◆ Material provided:
◆ ◆ ◆ ◆ ◆ ◆ ◆

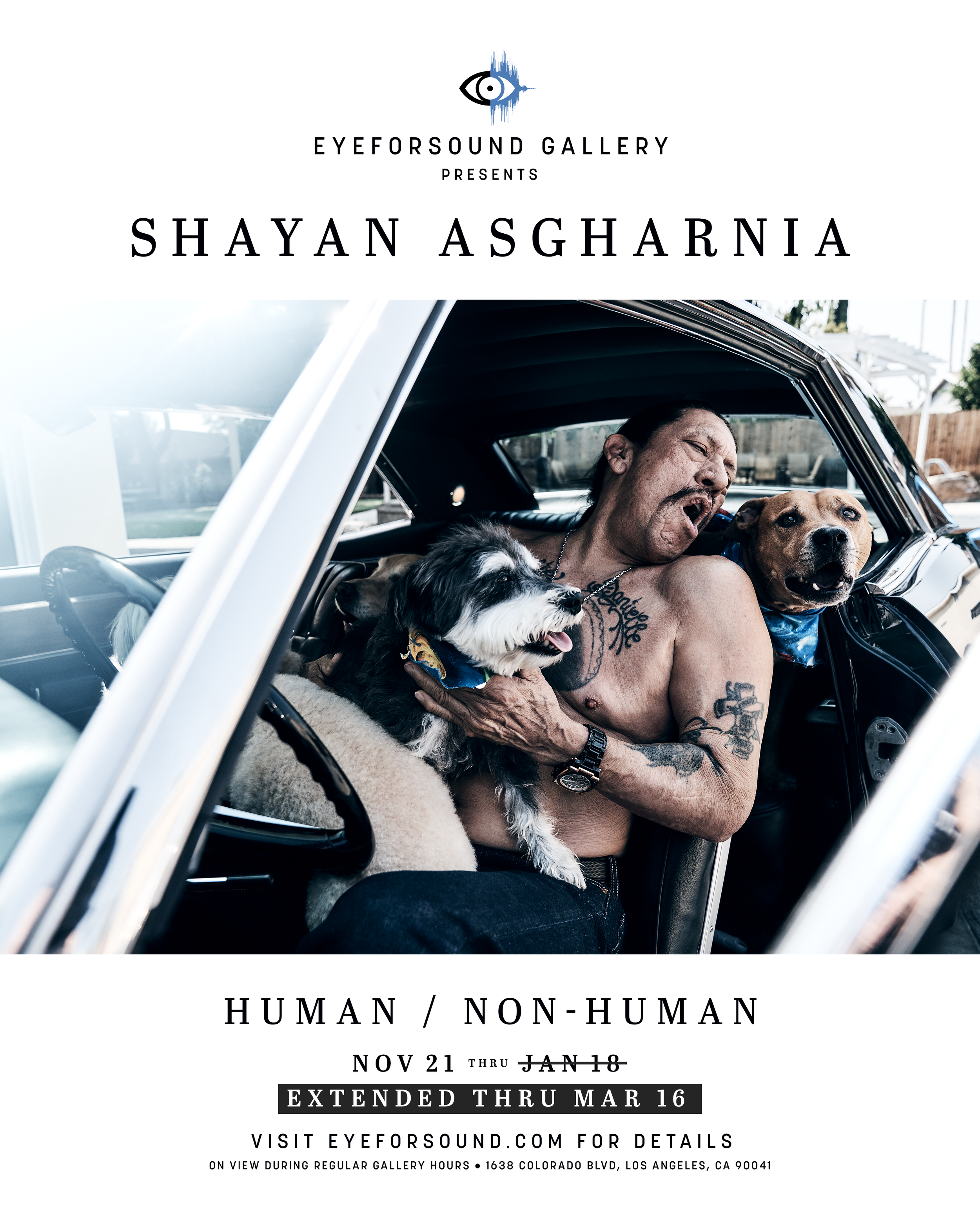 Human / Non-Human is a solo exhibition of striking images of animals and their human counterparts as captured by Shayan Asgharnia. Through his lens, Shayan's portraits allow for the personality & energy of his subjects to shine through naturally, inviting you into their space and essence.
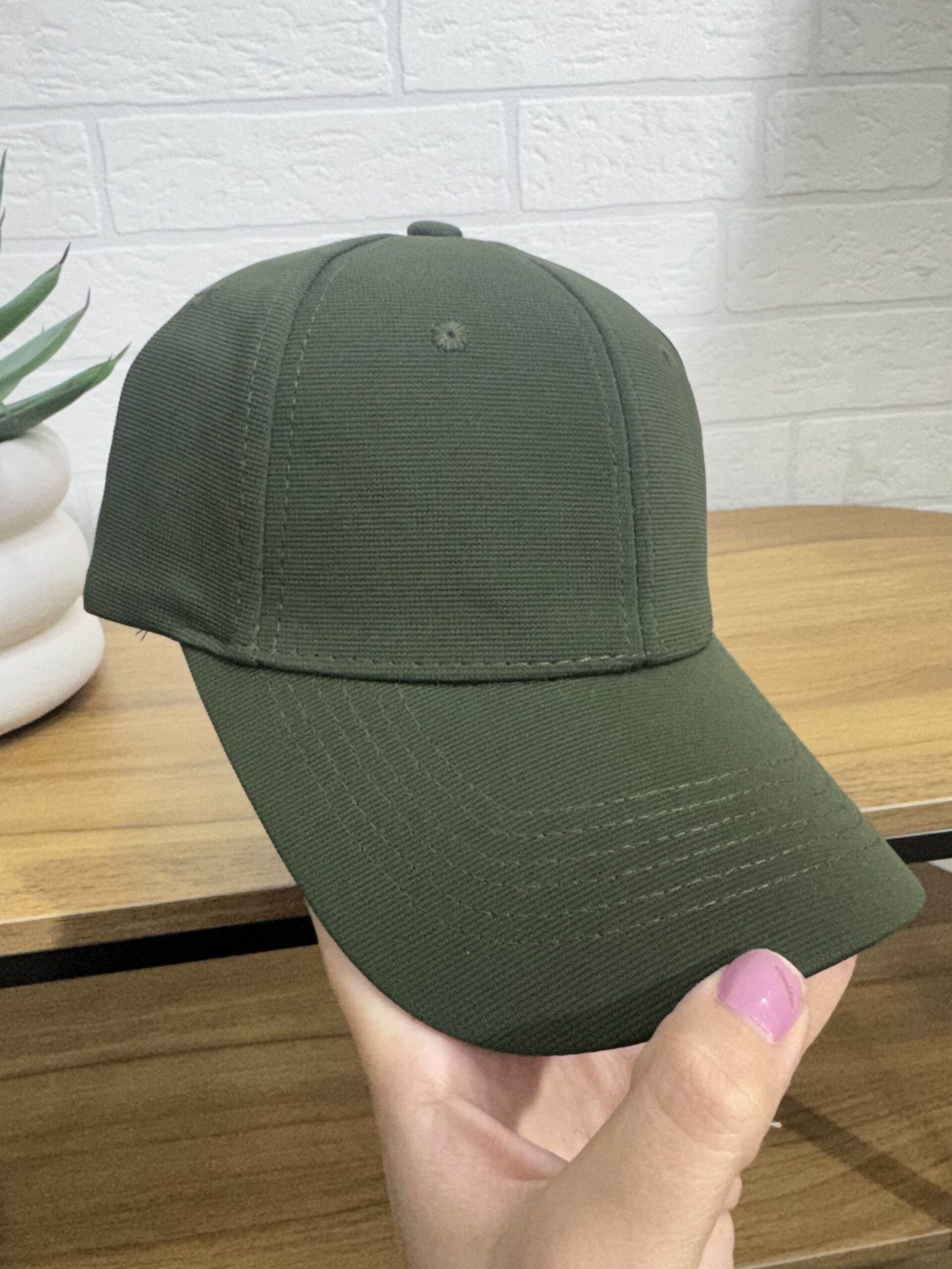 Gorra de primavera en color verde oliva.
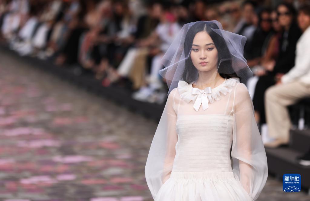 7月4日,在法國巴黎塞納河邊,模特展示法國品牌香奈兒2023/2024秋冬高級定制新品。
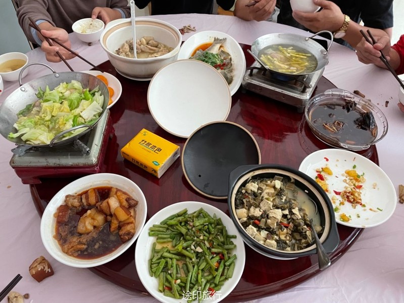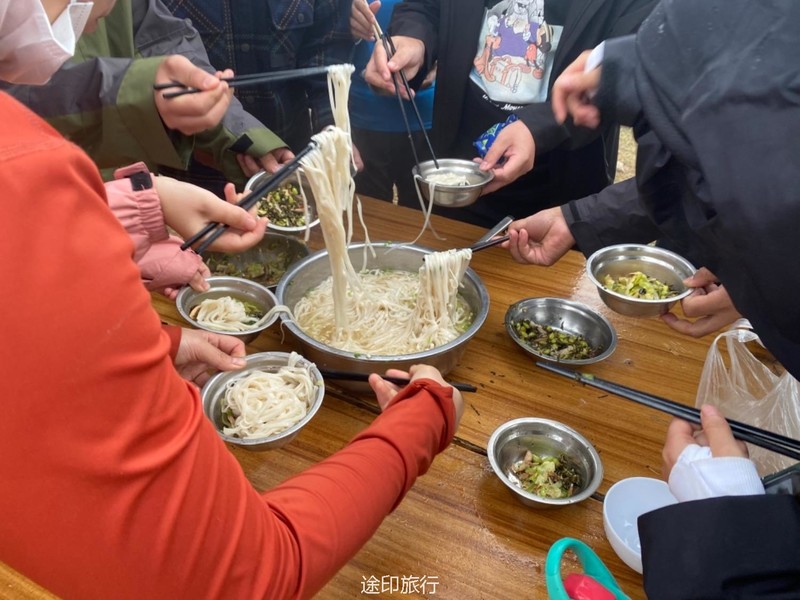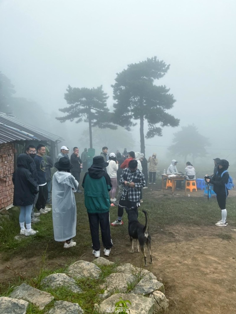 第二天在树林里细碎的风声和绵密细雨里醒来,营地周围起了大雾,整个山林都显得格外静谧。 在一顿圆桌早餐面条以后,一部分人继续上山爬童公尖,第一天累了的队员选择了下撤,在山下等大家下来一起去农家吃饭,爬山后的饭格外的香,吃饱饱后心满意足地启程回家。 35个人都又有了一次特别的经历。
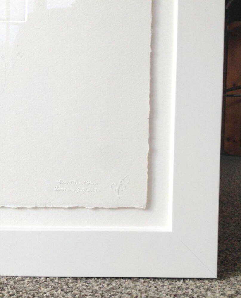 Firstly, we float mounted the artwork using hinging tape and undermount, both of which were conservation grade.
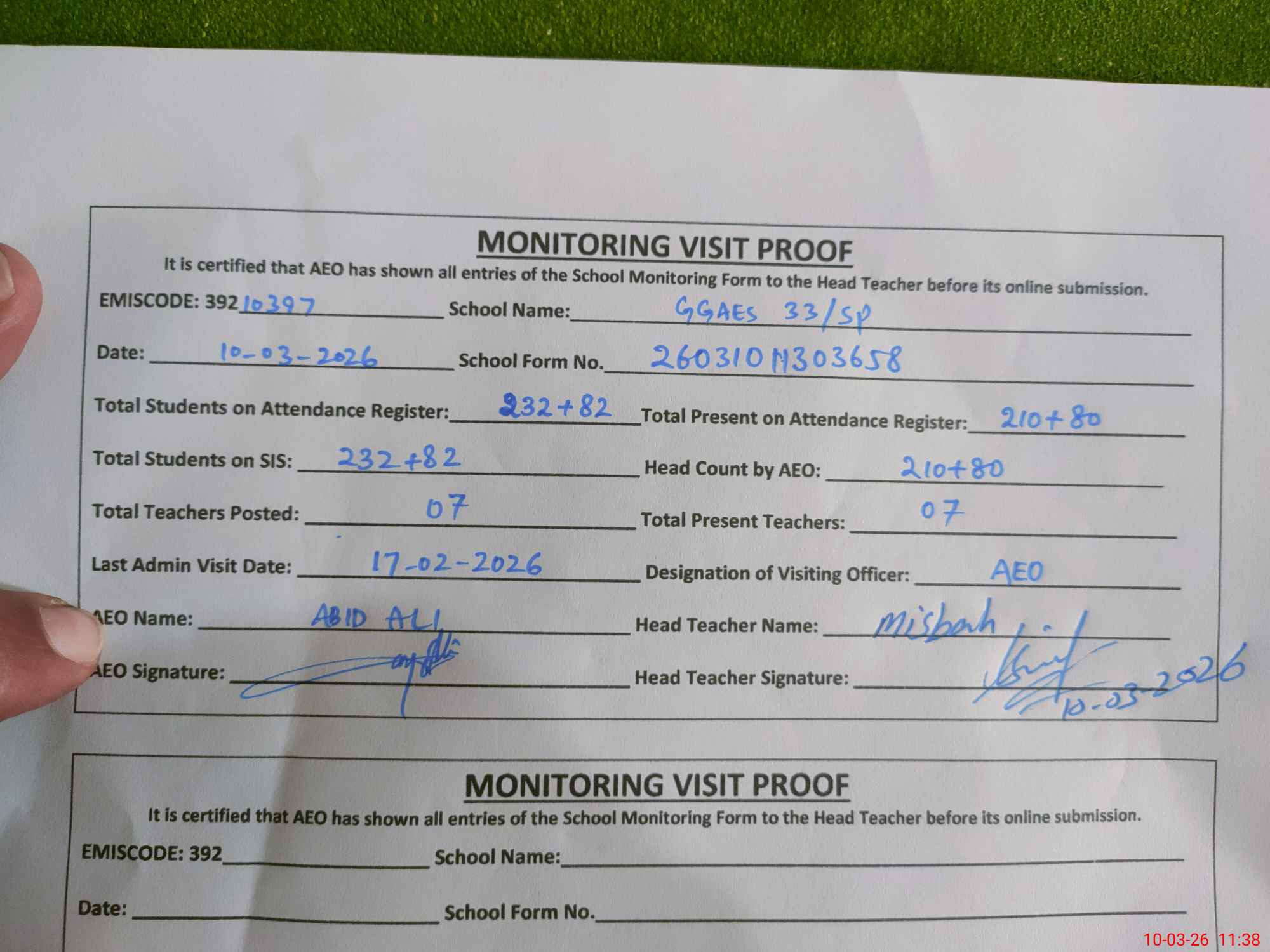 | Monitoring Date: 10-03-2026 | Start Time: 10-03-2026 11:16 AM | End Time: 10-03-2026 11:40 AM | Name of MEA: Ab**** Al**** | |
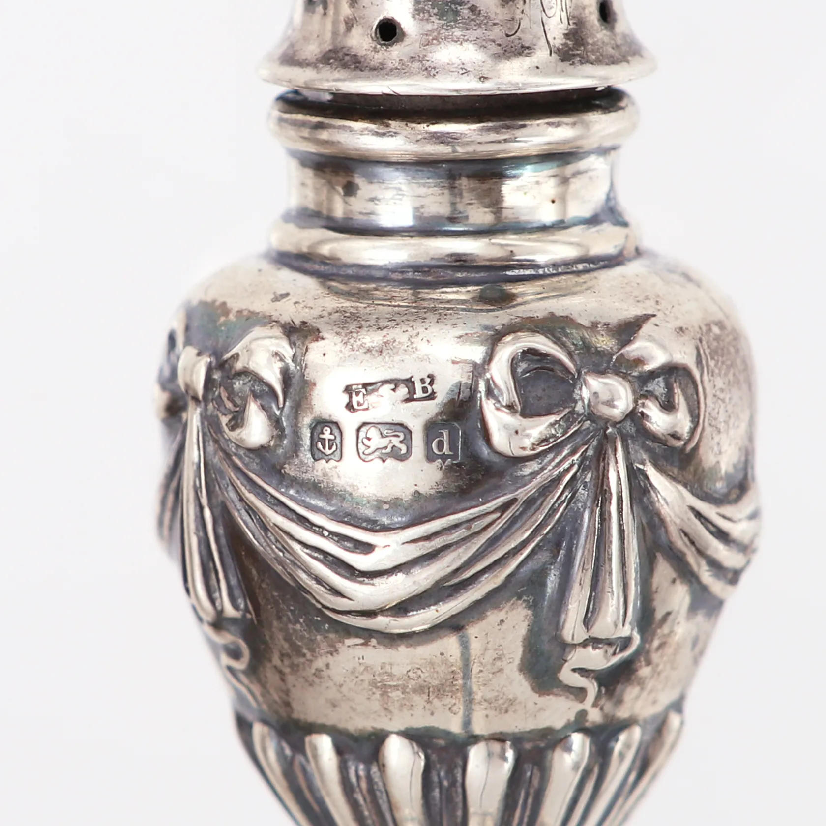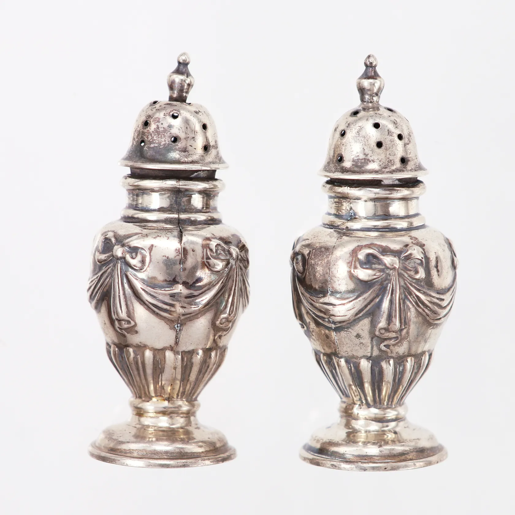 Två ströare i form av urnor, höjd: 7,5cm, Engelska kontrollstämplar, silver 925/1000 Vikt: 39,4 g.
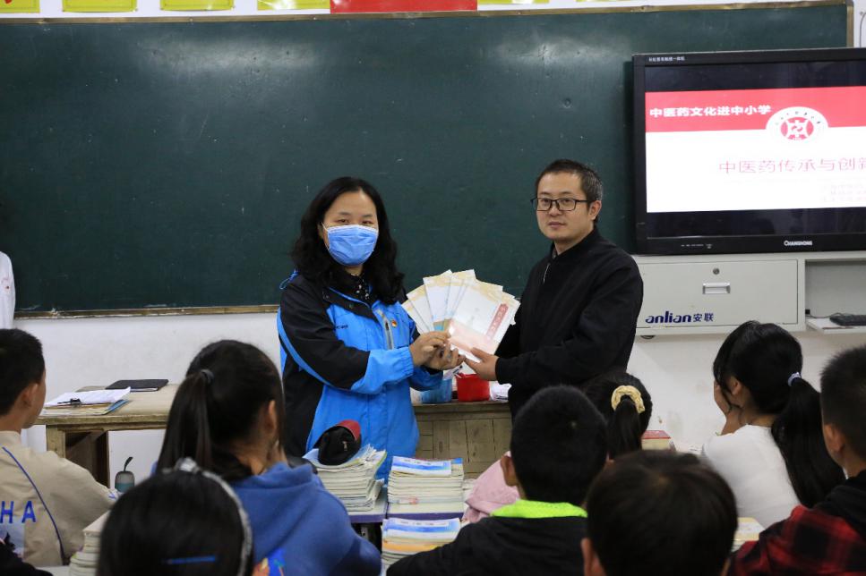 金寨在健康脱贫路上接续攻坚,砥砺前行。基础医学院党员师生向当地村民赠送血压计、体温计等医疗物资,为村民进行中医健康咨询、义诊及日常保健宣讲。师生们还走进金寨县麻埠实验学校,向该校学生赠送由基础医学院第四党支部书记何建成教授参与编撰的《中小学生中医药科普读物》。基础医学院“生生”文化讲师团成员,硕士研究生解天骁、冯晓为该校学生讲述中医药现代化发展及中医药抗疫故事,将中医药的种子播撒进孩子们心中。读万卷书,行万里路。此次走进大别山的研究生们结合专业知识,在当地开展社会调查,考察当地村民健康状况并为村民开出防治良方,为助力金寨健康脱贫交上一份awc77万象城官网学子的时代答卷。

◆ ◆ ◆ ◆ ◆ ◆ ◆

◆ Exercise directions: Reproduce only the lines running from the beginning of the entries above to the line holding "MEA: Ab**** Al**** | |", inclusive. Pictures stay out of the copy.

◆ Worked solution:
 Human / Non-Human is a solo exhibition of striking images of animals and their human counterparts as captured by Shayan Asgharnia. Through his lens, Shayan's portraits allow for the personality & energy of his subjects to shine through naturally, inviting you into their space and essence.
 Gorra de primavera en color verde oliva.
 7月4日,在法國巴黎塞納河邊,模特展示法國品牌香奈兒2023/2024秋冬高級定制新品。
 第二天在树林里细碎的风声和绵密细雨里醒来,营地周围起了大雾,整个山林都显得格外静谧。 在一顿圆桌早餐面条以后,一部分人继续上山爬童公尖,第一天累了的队员选择了下撤,在山下等大家下来一起去农家吃饭,爬山后的饭格外的香,吃饱饱后心满意足地启程回家。 35个人都又有了一次特别的经历。
 Firstly, we float mounted the artwork using hinging tape and undermount, both of which were conservation grade.
 | Monitoring Date: 10-03-2026 | Start Time: 10-03-2026 11:16 AM | End Time: 10-03-2026 11:40 AM | Name of MEA: Ab**** Al**** | |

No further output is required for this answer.